Proof of Proposition 2. An infinite sequence $\left( k_{1},k_{2}
,k_{3},\ldots\right) \in\mathbb{N}^{\infty}$ of nonnegative integers will be
called a weak composition if all but finitely many $i\geq1$ satisfy
$k_{i}=0$. There is a bijection
\begin{align}
\left\{ \text{partitions}\right\} & \rightarrow\left\{ \text{weak
compositions}\right\} ,\nonumber\\
\lambda & \mapsto\left( m_{1}\left( \lambda\right) ,m_{2}\left(
\lambda\right) ,m_{3}\left( \lambda\right) ,\ldots\right)
\label{darij1.pf.p2.1}
\tag{5}
\end{align}
(since any partition $\lambda$ is uniquely determined by the numbers
$m_{1}\left( \lambda\right) ,m_{2}\left( \lambda\right) ,m_{3}\left(
\lambda\right) ,\ldots$ which record how often each positive integer appears
in $\lambda$). We notice that any partition $\lambda$ satisfies
\begin{equation}
1m_{1}\left( \lambda\right) +2m_{2}\left( \lambda\right) +3m_{3}\left(
\lambda\right) +\cdots=\left\vert \lambda\right\vert
\label{darij1.pf.p2.2}
\tag{6}
\end{equation}
(because $\left\vert \lambda\right\vert $ is the sum of all entries of
$\lambda$, while $1m_{1}\left( \lambda\right) +2m_{2}\left( \lambda\right)
+3m_{3}\left( \lambda\right) +\cdots$ is what becomes of this sum after
equal addends are bunched together).

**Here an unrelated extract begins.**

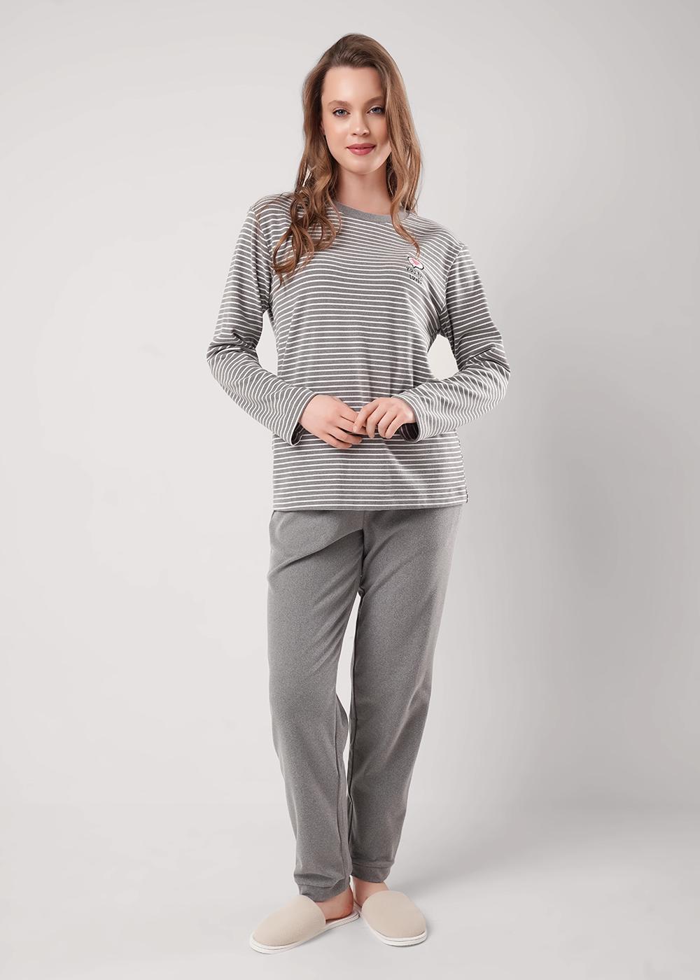 Mягкий и уютный комплект из джемпера с длинным рукавом и брюк на манжете, идеален для домашнего отдыха в прохладную погоду..

Moreover, any partition $\lambda=\left(
\lambda_{1},\lambda_{2},\ldots,\lambda_{k}\right) $ satisfies
\begin{equation}
\prod_{i=1}^{\infty}b_{i}^{m_{i}\left( \lambda\right) }=\prod_{j=1}
^{k}b_{\lambda_{j}}
\label{darij1.pf.p2.3}
\tag{7}
\end{equation}
(for a similar reason: the product $\prod_{i=1}^{\infty}b_{i}^{m_{i}\left(
\lambda\right) }$ is what will become of the product $\prod_{j=1}
^{k}b_{\lambda_{j}}$ if you bunch factors corresponding to equal entries of
$\lambda$ together).
We have the following product rule (i.e., analogue of the distributivity law)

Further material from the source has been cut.